Wednesday, October 24, 2012

Letting Go

One of the hardest decisions in life you will ever make is whether to stay or go.  This is a decision you will make all the time and at any given time. Sometimes the decision is much more difficult; and this is especially true of friendships. We have all experienced a break up with a significant other, but the loss of a friendship is sometimes a little harder to deal with. Friends aren't necessarily replaceable.  At our ages (I'm talking to the 30-somethings and older), cultivating new relationships is a little hard to do and the difficulty increases exponentially with the number of years you have. There is nothing scientific about that statement, but it seems pretty true. You were expected to make lifelong friends in high school or college or immediately following college at that first often ill-fated attempt at a job. Making friends in your 30s is...well...rather awkward. Seriously, if you don't have friends by now, where do you meet them? Do you just start hanging out with a random group of girls in the club? Do you stop a woman in a store that you are shopping in and compliment her on her shoes and then exchange numbers and agree to have coffee later? It can get be weird. It's not always so easy to find people like you; not even with the advent of social media. I have been fortunate enough to meet some interesting, like-minded women and men through work, church, random encounters, and from said people's children's association with my own child.  As a matter of fact, one of my closest friends worked with me for years and although we have both moved on from our former employer, we are still very good friends (Shout out to DK!). I would be remiss if I didn't mention that friends from work is rare and a serious faux pas; you should not befriend a coworker, ever; but that's another blog post!) It's all hit and miss. You roll the dice with everyone you ever meet. It can take an instant to determine if there is (or isn't) a connection or it can take a while. But once you determine that a relationship you are in is not the best for you, do you know when to leave? Or how to leave without being a jerk? And which of those questions is the most salient?

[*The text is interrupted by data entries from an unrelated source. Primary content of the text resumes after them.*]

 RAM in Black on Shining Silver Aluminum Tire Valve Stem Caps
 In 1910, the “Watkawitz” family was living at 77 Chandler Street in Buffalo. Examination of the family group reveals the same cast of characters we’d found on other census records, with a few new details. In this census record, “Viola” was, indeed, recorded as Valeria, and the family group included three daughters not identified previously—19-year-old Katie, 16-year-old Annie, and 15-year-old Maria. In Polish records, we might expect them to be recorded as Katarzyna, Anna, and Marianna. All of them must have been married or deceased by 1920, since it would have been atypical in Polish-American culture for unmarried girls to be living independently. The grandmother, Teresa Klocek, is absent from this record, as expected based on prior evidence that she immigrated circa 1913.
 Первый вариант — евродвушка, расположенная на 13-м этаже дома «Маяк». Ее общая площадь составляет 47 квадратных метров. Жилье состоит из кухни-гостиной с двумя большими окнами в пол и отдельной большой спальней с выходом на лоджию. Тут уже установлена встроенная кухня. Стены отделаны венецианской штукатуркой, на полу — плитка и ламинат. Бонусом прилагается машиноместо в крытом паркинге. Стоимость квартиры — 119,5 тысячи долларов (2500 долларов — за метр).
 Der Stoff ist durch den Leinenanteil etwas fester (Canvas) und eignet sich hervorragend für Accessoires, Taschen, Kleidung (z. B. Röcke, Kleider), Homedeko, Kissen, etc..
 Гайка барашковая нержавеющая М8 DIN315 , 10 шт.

As I have aged into what I want to call wisdom, I have slowed down a bit. By slowed down, I have assessed and reassessed who I allow to have a front row seat into my life. Everyone does not deserve a front row seat into your life. I have been guilty of loosely associating the word "friend" with just about everyone I meet, but in reality most people don't even really achieve "associate" status. This can be a problem for the outsider. It seems to me that people who aren't in the front row will make up about you what they either don't know or don't understand. They assume you are one way or that you are particular about one thing without knowing anything for sure. They manipulate the truth and will manipulate you. They want inside and they feel like they deserve an immediate entry to the "front row" without paying any dues. When you don't give them what they want quick enough, they dismiss you. These people need to be let go.

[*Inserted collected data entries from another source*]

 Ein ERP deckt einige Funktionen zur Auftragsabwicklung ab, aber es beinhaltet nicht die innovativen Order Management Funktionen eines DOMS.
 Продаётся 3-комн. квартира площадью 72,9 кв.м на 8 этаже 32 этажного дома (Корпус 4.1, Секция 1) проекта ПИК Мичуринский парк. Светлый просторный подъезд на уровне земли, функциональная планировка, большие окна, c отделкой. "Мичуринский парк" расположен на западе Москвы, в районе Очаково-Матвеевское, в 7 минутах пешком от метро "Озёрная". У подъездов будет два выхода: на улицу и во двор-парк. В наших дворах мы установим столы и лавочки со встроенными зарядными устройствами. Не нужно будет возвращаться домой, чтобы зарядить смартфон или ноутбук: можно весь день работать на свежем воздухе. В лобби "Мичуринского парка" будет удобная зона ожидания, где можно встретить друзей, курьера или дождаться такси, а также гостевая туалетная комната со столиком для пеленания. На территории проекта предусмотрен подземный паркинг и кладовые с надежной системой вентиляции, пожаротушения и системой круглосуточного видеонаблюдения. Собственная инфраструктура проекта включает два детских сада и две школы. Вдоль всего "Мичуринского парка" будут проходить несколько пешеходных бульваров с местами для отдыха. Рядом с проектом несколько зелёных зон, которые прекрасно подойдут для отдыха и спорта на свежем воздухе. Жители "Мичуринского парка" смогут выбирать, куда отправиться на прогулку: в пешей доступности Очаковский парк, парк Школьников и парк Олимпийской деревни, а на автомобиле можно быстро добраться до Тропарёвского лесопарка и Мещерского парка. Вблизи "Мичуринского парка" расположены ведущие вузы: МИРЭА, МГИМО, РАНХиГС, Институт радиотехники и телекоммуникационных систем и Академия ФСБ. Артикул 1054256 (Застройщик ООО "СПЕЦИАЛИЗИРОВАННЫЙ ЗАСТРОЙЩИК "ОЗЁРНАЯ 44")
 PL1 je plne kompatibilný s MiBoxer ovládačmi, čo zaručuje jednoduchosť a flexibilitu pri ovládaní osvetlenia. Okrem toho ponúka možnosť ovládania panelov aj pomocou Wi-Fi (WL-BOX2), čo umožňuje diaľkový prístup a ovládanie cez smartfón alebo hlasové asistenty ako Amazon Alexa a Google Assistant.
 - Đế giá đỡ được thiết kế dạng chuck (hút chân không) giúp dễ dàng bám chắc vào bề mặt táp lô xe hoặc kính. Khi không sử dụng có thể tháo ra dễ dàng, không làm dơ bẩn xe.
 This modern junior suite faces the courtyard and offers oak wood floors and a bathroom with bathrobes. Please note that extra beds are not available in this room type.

Then you have those people who are self-righteous and self-centered. They don't care about how their actions affect those around them. They insecure, they are impulsive, but are slow to respond to your needs.Why should someone who is always right care if anyone else is? They often create a reality that is not real, but a resemblance of what they want. They are into appearances, but not into the truth. Their truth is what is right for them. They can be out of line and often times are, but with their own jaded justification of why it was appropriate to behave the way they did. And when they are out of line and extremely disrespectful they expect for you to understand. They make excuses for their shortcomings and that is not fair to you.  How I deal with these people is simple initially, I give him/her the benefit of the doubt. I don't wait for an apology because I have already forgiven well before the ah-ha moment shines a light on the darkness. I chose not to suffer in the oblivion of how they have mistreated people including myself. I chose to release it and that person from my life. This is not necessarily cutting people off, it's more like a demotion of status. They can't stay in the front row and not care about how they affect you. They have to be let go.

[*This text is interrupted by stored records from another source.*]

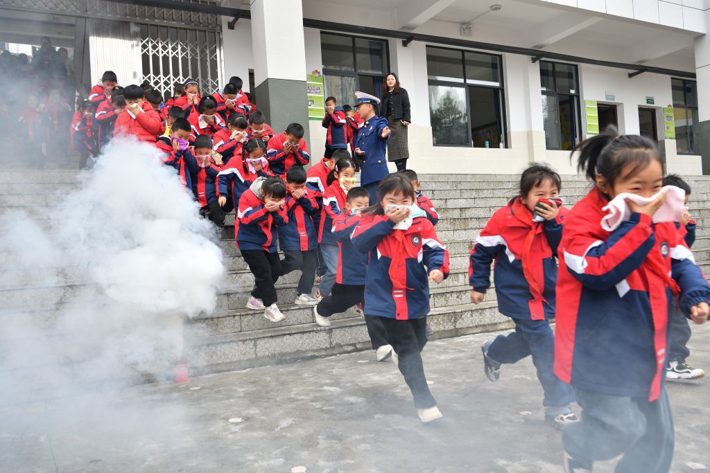 3月25日,在湖北省襄阳市保康县实验小学,学生进行消防应急逃生演练。
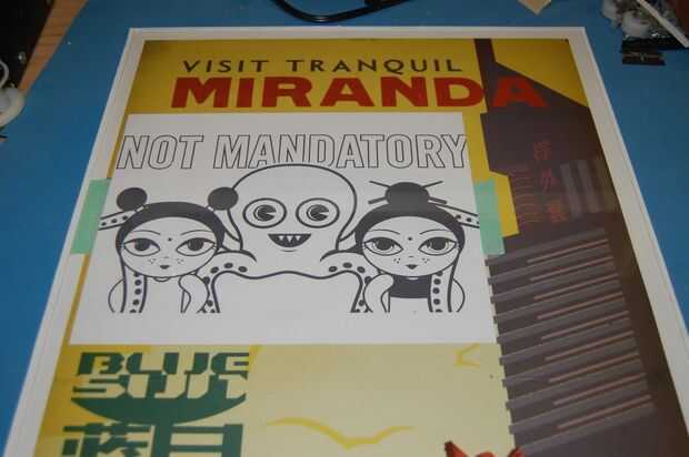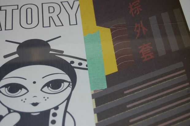 Empecé haciendo la imagen agarró a blanco y negro, ya que el grabado es un proceso de Carnby - grabado o no grabado. También quité todo el fondo, dejando sólo el texto, el pulpo y las dos chicas. Impreso en una hoja de papel de 8,5 x 11, que ajusta perfectamente en el espacio casi vacío amarillo del cartel.
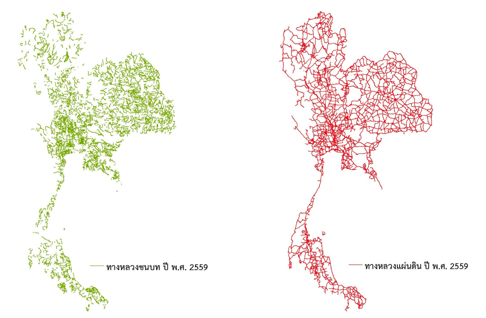 กราฟิกแสดงโครงข่ายทางหลวงชนบทและทางหลวงแผ่นดินในประเทศไทย ปี พ.ศ. 2559
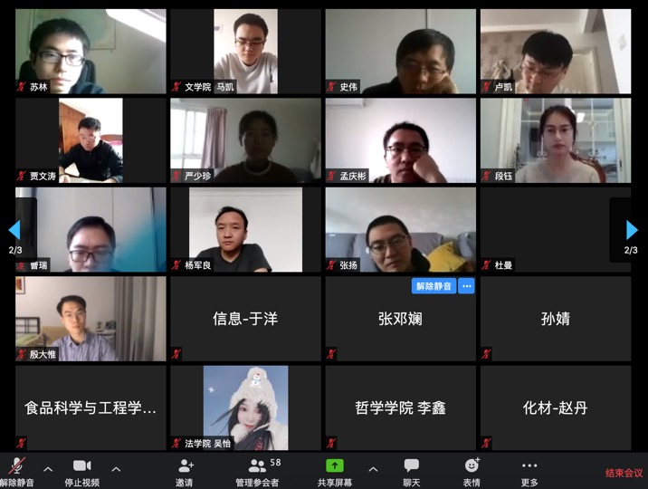 曹建军副教授首先从教学目标、本学期工作要点、网上教学方法辅导、近期教学任务四个方面对本学期的形势与政策课程教学作了整体安排。赵沛副教授的专题报告《新冠疫情让我们看到了什么》,从“禽”与“兽”与疫情的关系说起,对比非典和新冠,分析了抗“疫”中的社会主义制度优势。辅导员陈露、梁靖分别以《党旗飘扬破难关 大爱无疆佑中华》和《这场战疫,我们该怎么战》为题,做了针对性较强的专题教学示范。董国强部长在主持备课会时强调,辅导员要理解当前形势,讲好、讲透、讲深本学期的“形势与政策”课。
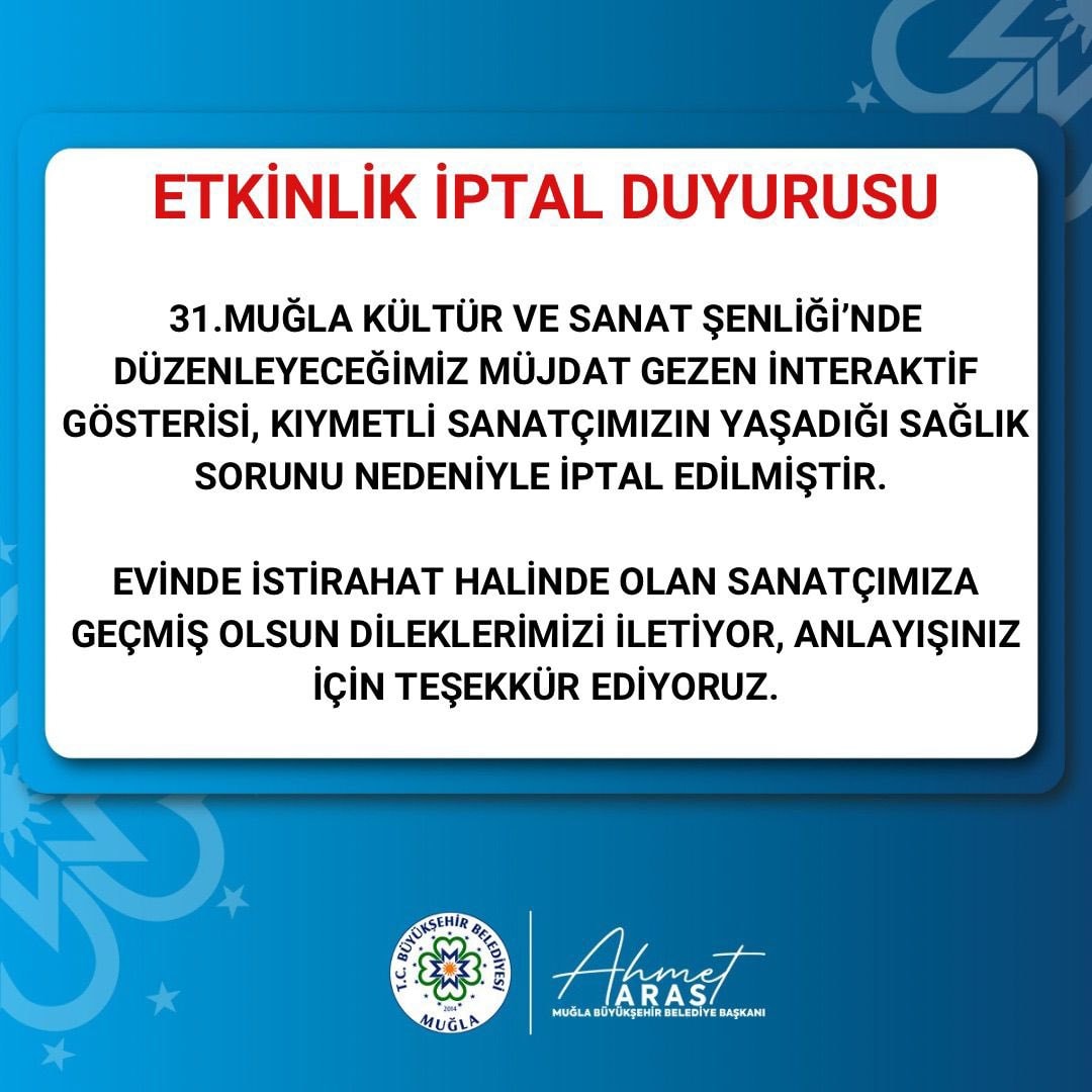 "31. Muğla Kültür ve Sanat Şenliği'nde düzenleyeceğimiz Müjdat Gezen interaktif gösterisi, kıymetli sanatçımızın yaşadığı sağlık sorunu nedeniyle iptal edilmiştir."
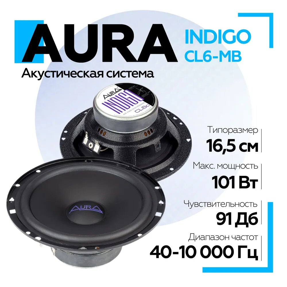 10 цен на Акустическая система Aura INDIGO-CL6-MB 6,5" (16,5 см) / Мидбас / Колонки автомобильные
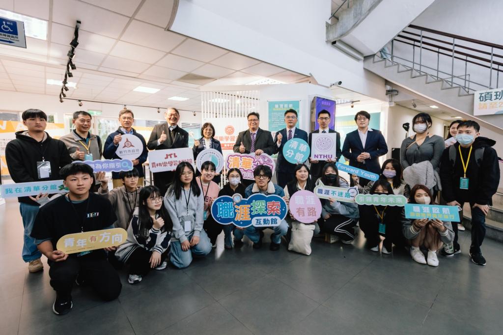 ▲桃竹苗分署賈桃樂學習主題館第九座分館,今(21)日於國立清華大學揭牌,由勞動力發展署署長黃齡玉(後排左5)清華大學詹鴻霖主任秘書(後排左6)及新竹市林琨瀚副市長(後排左3))桃竹苗分署長賴家仁 (後排左4)等貴賓,與青年朋友一同合影。(圖/桃竹苗分署提供)

Hurt People hurt people. Walk, no run, away from people who are hurt. They can and will try to hurt you. You; the innocent bystander. You become the punching bag for no other reason than because you showed up. No one volunteers for abuse, but abusers don't care about who they hurt. Ask yourself if the relationship you are in makes you a better person. If it challenges you to become better it's worth being in; but if it is just challenging you need to let it go.